Paste di meliga semi-integrali (le mie)

Per questa ultima pubblicazione (prima delle vacanze del team che, come ogni anno a fine giugno spegne i forni per riaccenderli ad inizio settembre), per Il Granaio baking-time, ho deciso di preparare qualcosa di dolce, so che ne ho già parlato varie volte, ma queste paste sono un must in Piemonte, assolutamente immancabile ed irrinunciabile, potrete trovare questi deliziosi dolcetti in ogni panificio e in ogni pasticceria in una versione generalmente più delicata e dal formato mignon, classico sabaudo. Questa ricetta è mia, ogni pasticcere e panettiere ha la sua ed io non faccio differenza :-)  per questa occasione ho voluto idearne una semi-integrale per chi, come me, ama tantissimo il sapore di farine poco raffinate e la consistenza un po' rustica di questo nostro "biscotto".
Provate, se volete, anche le paste di meliga di Montersino, le mie paste di meliga fini al miele (con le quali avevo anche vinto un contest) e la versione classica che si può trovare in tutti i libri di pasticceria piemontese. Io...indovinate quale preferisco? :-)


Cosa serve:
70 g. farina di mais integrale per polenta
50 g. farina di mais tipo fumetto (per pasticceria)
40 g. farina 00
40 g. farina di mais fioretto
80 g. burro morbido
85 g. zucchero semolato (possibilmente extrafine)
45-50 g. tuorlo (2 grandi o 3 piccoli)
1/4 cucchiaino di lievito per dolci
1 pizzico sale
scorza di mezzo limone bio grattugiata
latte freddo q.b. (2-3 cucchiai)

Montare il burro tenuto fuori dal frigo almeno da due ore con lo zucchero, il pizzico di sale e la scorza del limone grattugiata, quando la massa è biancastra unire, uno alla volta i tuorli, poi le farine precedentemente mescolate con il lievito setacciato, amalgamare velocemente ed unire latte q.b. (poco) per ottenere un composto consistente ma non solido ne asciutto come una comune frolla, è un impasto piuttosto consistente, dev'essere morbido il giusto da poterlo modellare con una sac a poche ma non troppo altrimenti in cottura la pasta perde la sua forma (bisogna provare e riprovare o imparare direttamente da qualcuno che le sappia fare).

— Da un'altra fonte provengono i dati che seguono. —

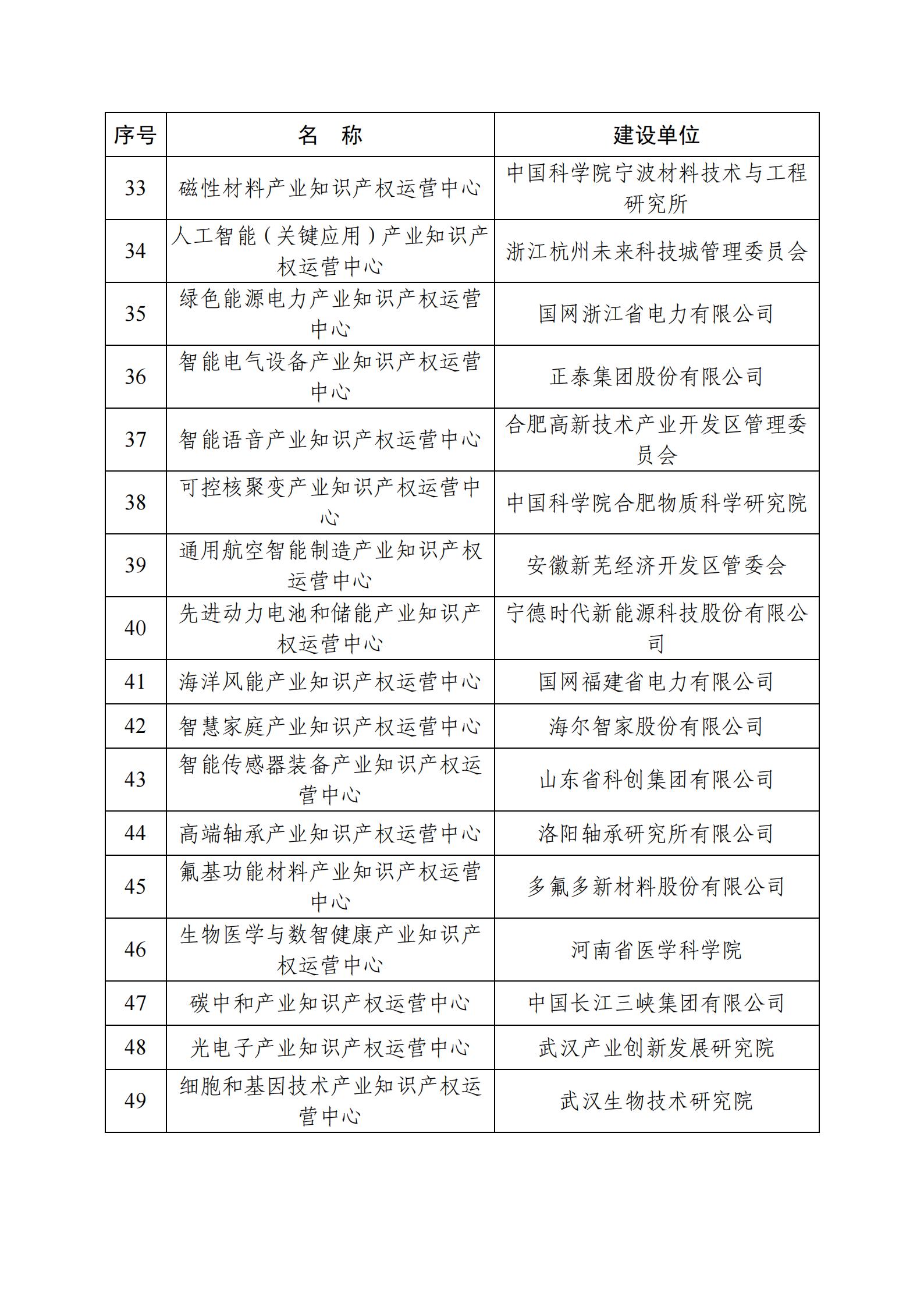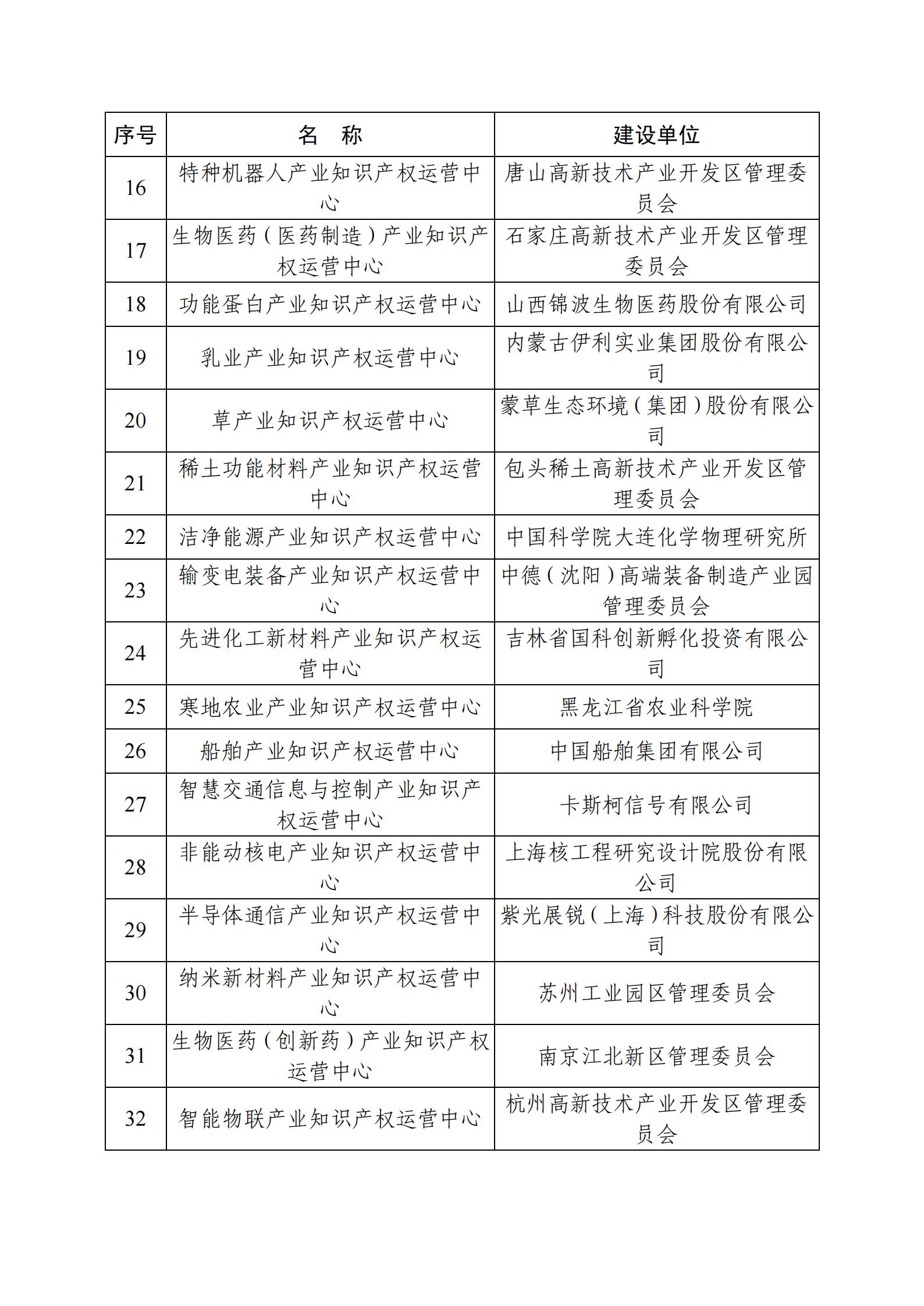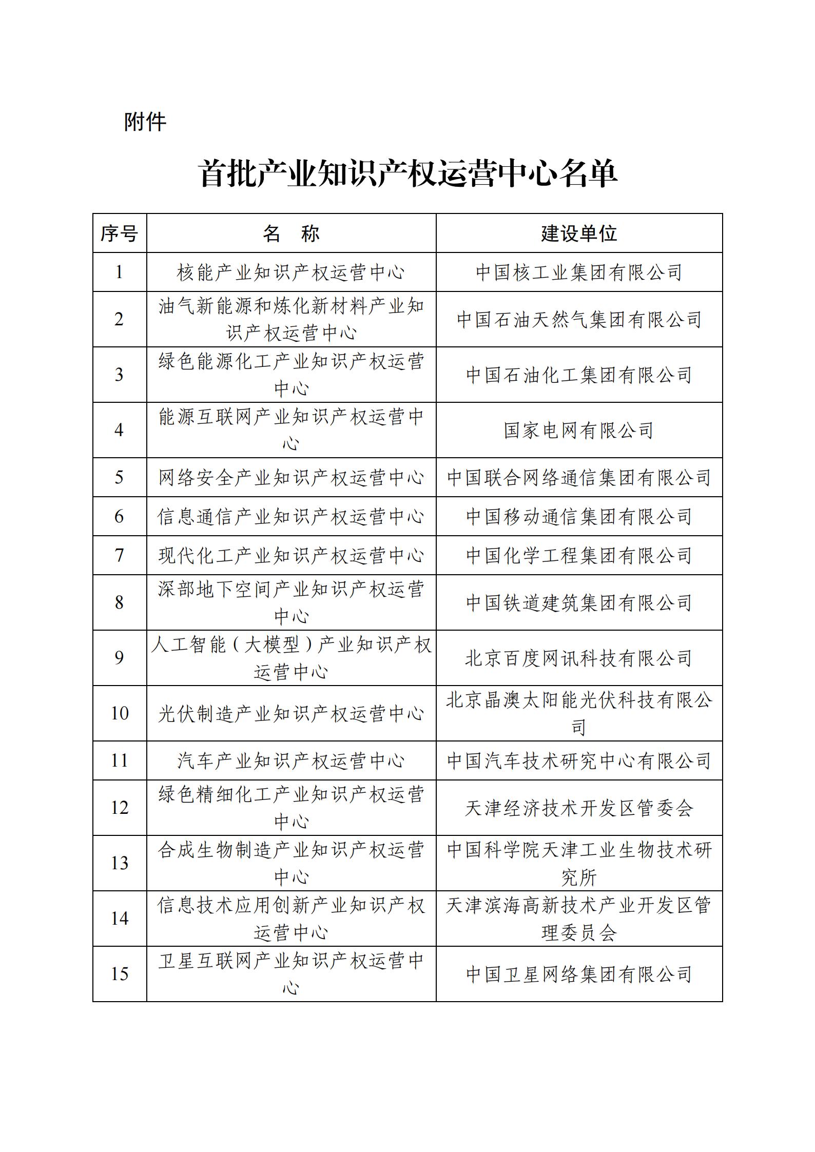 国家知识产权局办公室关于公布首批产业知识产权运营中心名单的通知

Con l'aiuto di una spatola inserire l'impasto in una tasca da pasticcere usa e getta resistente o in tessuto munito di bocchetta a stella, formare subito le paste di meliga, un po' distanziate tra loro perchè si allargheranno un pochino, sulla leccarda rivestita con carta da forno; mettere la leccarda in frigorifero almeno 20 minuti, meglio ancora se per più tempo. Intanto preriscaldare il forno statico a 160°/165° infornare per 15-20 minuti (dipende dal forno).Trasferire sulla gratella e lasciare raffreddare, conservare i biscotti in una scatola di latta.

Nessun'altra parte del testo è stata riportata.